Recent initiatives to identify and address child labour and forced labour in global supply chains are also now in jeopardy, as businesses at all levels struggle to cope with the crisis and the severe demand shocks associated with it. Economic and other shocks, like those associated with the pandemic, are known to exacerbate child labour as families try new strategies to survive. They also often lead to debt bondage and an increased reliance on informal recruitment agencies and platforms, which leave workers more exposed to exploitation. Access to quality education is also crucial for preventing child labour since a number of children have been affected by school closures during the pandemic. Most of these children had no access to remote learning, and many relied on free school meals and cash transfers conditional on school attendance.
Support for forced labour victims and survivors is being rechannelled towards the pandemic response. The pandemic has also exposed discrimination against different groups of workers and the entrenched gender inequalities in labour markets and in unpaid care work.

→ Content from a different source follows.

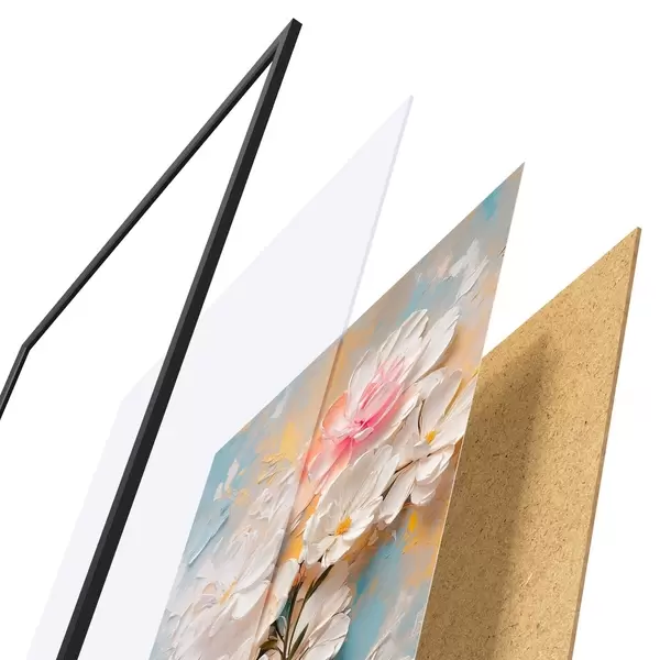 Plakát se skládá z rámu, plexiskla, tištěného obrazu a dřevotřískového podkladu. Díky úchytům na zadní straně lze plakát ihned zavěsit na zeď.
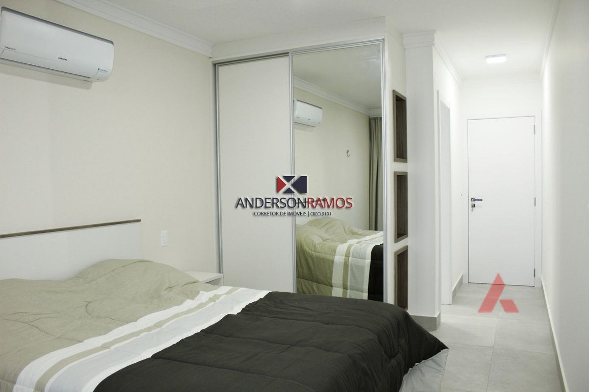 Uma suíte de com cama de casal box (queen) com ar condicionado.

A new wave of xenophobia and stigma has found expression in the world of work, and pre-existing discrimination regarding employment and occupation has intensified in South Africa.

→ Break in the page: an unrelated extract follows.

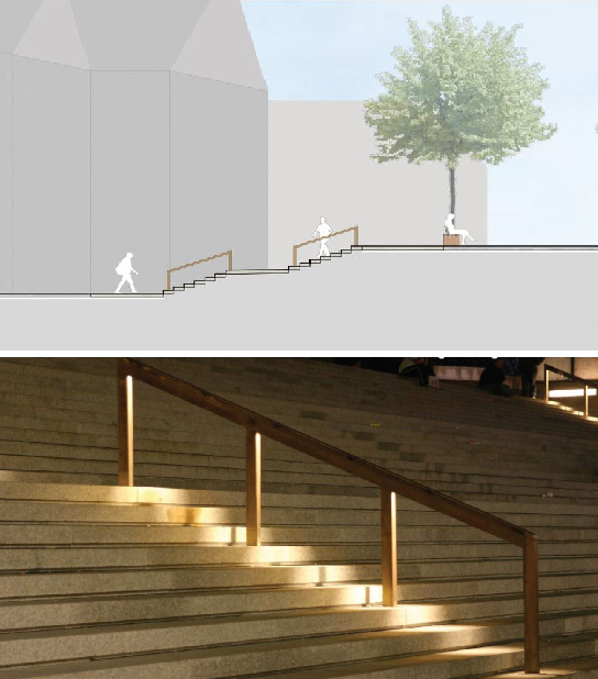 Das Geländer der Rampe besteht aus einer rahmenden Flachstahlkonstruktion mit einer filigranen Füllung aus sich verschränkenden Rundstäben, die denen der Baumschutzgitter entsprechen. Der Handlauf des Geländers ist auf einer Seite der Rampe beleuchtet.

Investors have a responsibility and a crucial role to play in protecting workers in the post-pandemic. Poor and inadequate management of labour and human rights risks can expose businesses to legal, operational, and reputational risks. On the legal front, lawsuits have been brought against some big companies in the country that allegedly did not take the necessary safety precautions and therefore failed to fulfil their duty of care to their workers. Other companies were forced to stop the commercial activity until they had put the necessary safety measures in place. Over recent months, corporate practices have also been scrutinized by civil society organizations and the media, and it is reasonable to expect that, in some cases, this will have repercussions in terms of brand reputation.
Where there are immediate concerns with respect to labour rights linked to the COVID-19 pandemic, companies should engage in dialogue with workers. Discussions should include but not be limited to occupational health and safety concerns, access to paid sick leave and healthcare, and freedom of association and collective bargaining. Workers should be able to express concerns via appropriate channels and with no fear of retaliation. They should be consulted throughout the crisis, including on issues around lay-offs and human capital management plans.

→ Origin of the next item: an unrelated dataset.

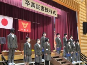 10日(火)は卒業式前日です。今日は全校生徒が揃って総練習が行われました。「礼のタイミングや動き」「マイク高さの調整」「来賓紹介の時の体の動き」などを確認した後に、卒業生入場からやってみます。(「総練習」と言ってもこれが全体集まって練習する唯一の機会です。小学校勤務が長い私にとっては「本当に大丈夫か?」と心配もありましたが…やはり中学生ってすごいものですね!それなりにできてしまい驚きました(^^;))

Fundamental principles and rights at work can play a vital role in building effective, consensus-based responses that support recovery from the COVID-19 crisis and help build back a better, more just world of work. The focus and the priority should be on protecting people’s lives which can be achieved by protecting livelihoods. The particular strength of these fundamental principles is their interrelated and mutually reinforcing nature. Basing our policies around them paves the way for a recovery that is socially and economically inclusive and ensures that the needs of the most vulnerable are taken into account.
Dr Norah Hashim Msuya is an academician and researcher. She writes in her personal capacity.